61, NO. 3, MARCH 2012 379.
[4] M. Mozgovoy, “Desktop Tools for Offline Plagiarism Detection in Computer Programs,”
Informatics in Education, vol. 5, no. 1, pp. 97- 112, 2006.
[5] B. Baker, “On Finding Duplication and Near-Duplication in LargeSoftware Systems,” Proc. IEEE
Second Working Conf. Reverse Eng.,pp. 85-95, 1995.
[6] M.J. Wise, “YAP3: Improved Detection of Similarities in Computer Program and Other Texts,”
Proc. 27th SIGCSE Technical Symp.,pp. 130-134, 1996.
[7] L. Prechelt, G. Malpohl, and M. Philippsen, “Finding PlagiarismsAmong a Set of Programs with
JPlag,” J. Universal ComputerScience, vol. 8, no. 11, pp. 1016-1038, 2002.
[8] M. Joy and M. Luck, “Plagiarism in Programming Assignments,” IEEE Trans.
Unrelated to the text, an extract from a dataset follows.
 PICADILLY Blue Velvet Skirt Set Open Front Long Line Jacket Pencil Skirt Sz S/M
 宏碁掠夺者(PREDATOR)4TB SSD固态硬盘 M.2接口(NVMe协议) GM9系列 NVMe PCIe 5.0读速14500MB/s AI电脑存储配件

Education, vol. 42,
no. 2, pp. 129-133, May 1999.
Authors
Nitish Upreti is computer science student at AMITY School of Engineering and
Technology, Noida, India. His fields of interest include Algorithm Design, Artificial
Intelligence and building scalable web applications.
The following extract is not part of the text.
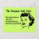 La Grammar Lady dice: ¡los apóstrofes son para los posesivos, no para los plurales! La Grammar Lady quiere que recuerden que si solo están pluralizando, ¡no agreguen el apóstrofe! Diseño sencillo de un solo color con texto y cara.

Rishi Kumar is computer science faculty at Amity School of Engineering and
Technology, Noida, India. His fields of interest include Artificial Intelligence,
Expert System & Image Processing.

More Related Content

What's hot

IRJET- An Effective Analysis of Anti Troll System using Artificial Intell...
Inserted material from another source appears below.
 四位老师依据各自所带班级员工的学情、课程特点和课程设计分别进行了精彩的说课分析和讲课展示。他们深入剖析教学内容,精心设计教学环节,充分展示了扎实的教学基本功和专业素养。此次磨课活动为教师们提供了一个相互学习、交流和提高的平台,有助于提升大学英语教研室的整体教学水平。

IRJET-  	  An Effective Analysis of Anti Troll System using Artificial Intell...IRJET-  	  An Effective Analysis of Anti Troll System using Artificial Intell...
IRJET- An Effective Analysis of Anti Troll System using Artificial Intell...IRJET Journal
 
A NOVEL APPROACH OF CLASSIFICATION TECHNIQUES FOR CLIR
A NOVEL APPROACH OF CLASSIFICATION TECHNIQUES FOR CLIRA NOVEL APPROACH OF CLASSIFICATION TECHNIQUES FOR CLIR
A NOVEL APPROACH OF CLASSIFICATION TECHNIQUES FOR CLIRcscpconf
 
A Hybrid Method of Long Short-Term Memory and AutoEncoder Architectures for S...
A Hybrid Method of Long Short-Term Memory and AutoEncoder Architectures for S...A Hybrid Method of Long Short-Term Memory and AutoEncoder Architectures for S...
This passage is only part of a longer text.